“This has been part of a broader commitment by the Obama administration around the country to increase summer jobs,” he said.
That’s good to know. But what really caught my attention was the results of a 2014 study performed by a University of Pennsylvania professor that tracked the results of a summer youth employment program in Chicago that focused on young people who were basically living their lives as a balancing act on a razor’s edge between survival and the point of no return. Lu referenced this study as a strong indicator of why summer youth employment matters, and once I took a look at the study I could see why.

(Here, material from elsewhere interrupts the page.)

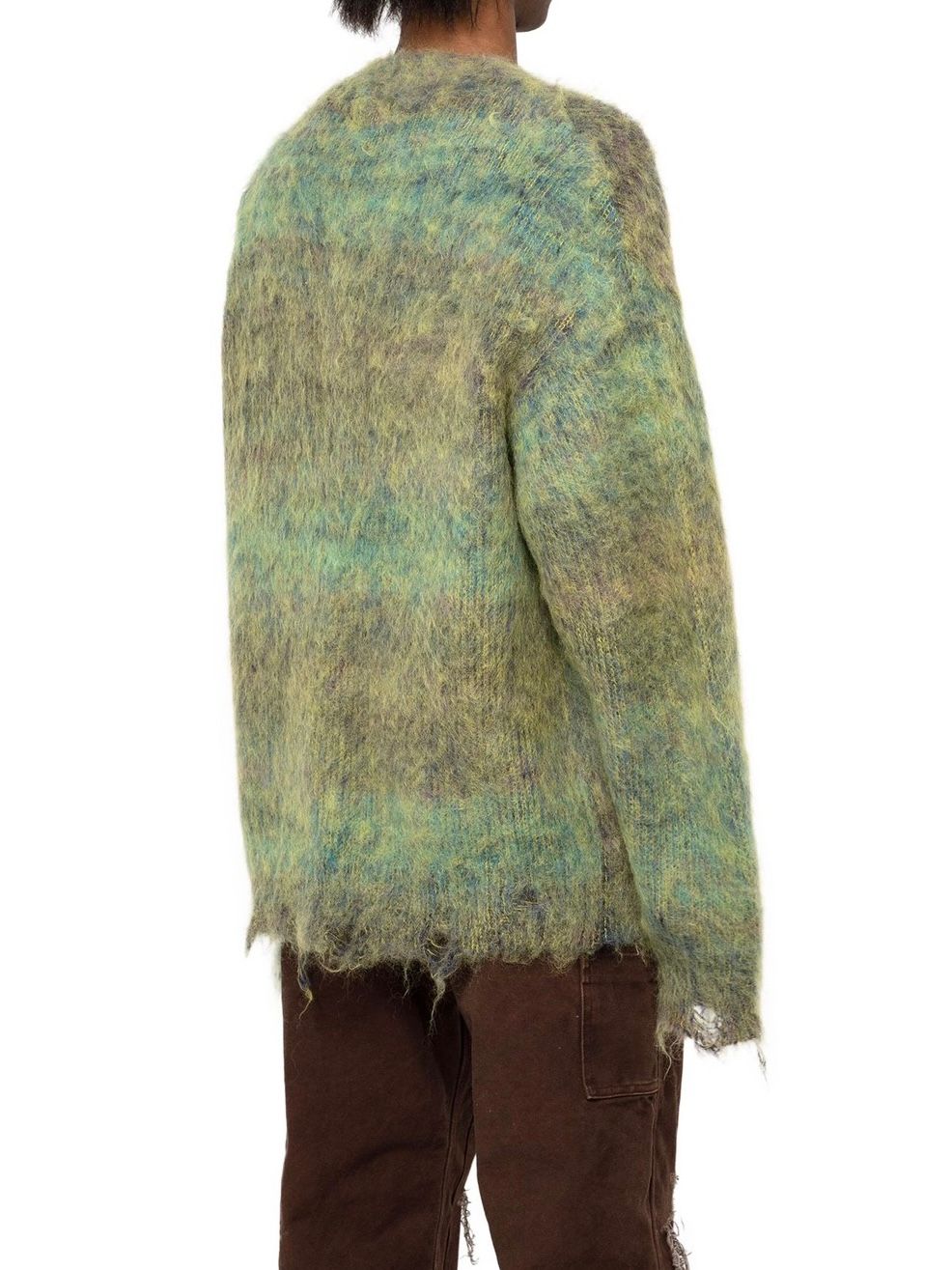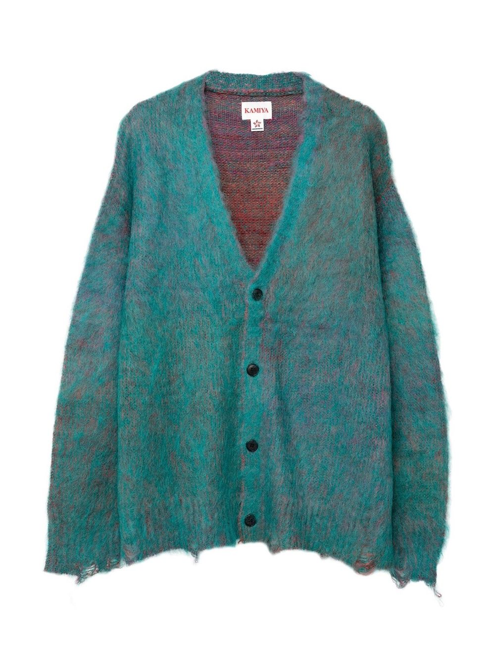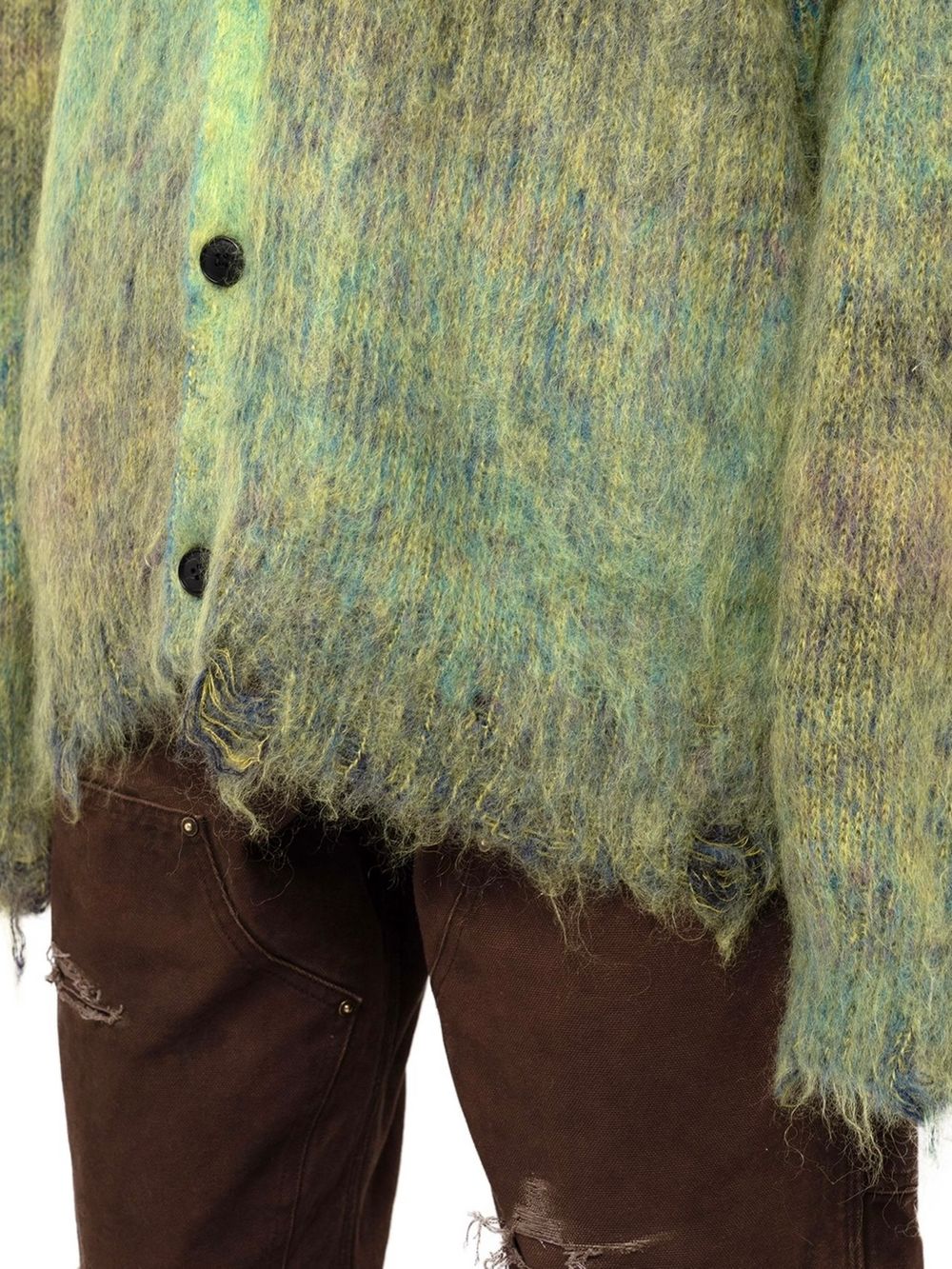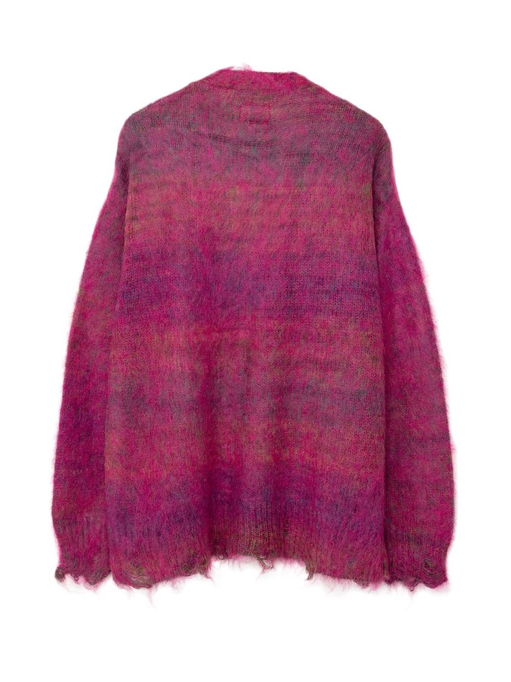 初めにご紹介させていただくのは、モヘア糸とウール糸を擦り染色し、プレーティングすることで、グラデーションを出したニットカーディガン。

A summer job can change a kid’s life.
From Chicagomag.com
“A recent study, reminiscent of the Becoming a Man study—and by the same lead author, the University of Pennsylvania’s Sara Heller—brings very positive findings: a 43 percent reduction in violent crime among disadvantaged high school youth over a 16-month span, well after the skills program ended. And it suggests that there are different, equally effective routes to imparting those skills.
“Heller’s study, recently published in Science, examined One Summer Plus, a summer-jobs program open to students in high-violence Chicago public high schools. On average, the kids were 16 going on 17, with a C average, and having missed 29 days of school. Twenty-two percent had been arrested. In short, not lost kids, but “on the cusp,” to use Heller’s words.
“They were put through a straightforward summer jobs program: students got paid minimum wage to work engaging jobs—camp counselor, aldermanic assistant, community-garden work—with the assistance of a job mentor. In other words, it’s not just digging a hole to fill it back in.”
And from the study itself:
Abstract
Every day, acts of violence injure more than 6000 people in the United States. Despite decades of social science arguing that joblessness among disadvantaged youth is a key cause of violent offending, programs to remedy youth unemployment do not consistently reduce delinquency. This study tests whether summer jobs, which shift focus from remediation to prevention, can reduce crime. In a randomized controlled trial among 1634 disadvantaged high school youth in Chicago, assignment to a summer jobs program decreases violence by 43% over 16 months (3.95 fewer violent-crime arrests per 100 youth). The decline occurs largely after the 8-week intervention ends. The results suggest the promise of using low-cost, well-targeted programs to generate meaningful behavioral change, even with a problem as complex as youth violence.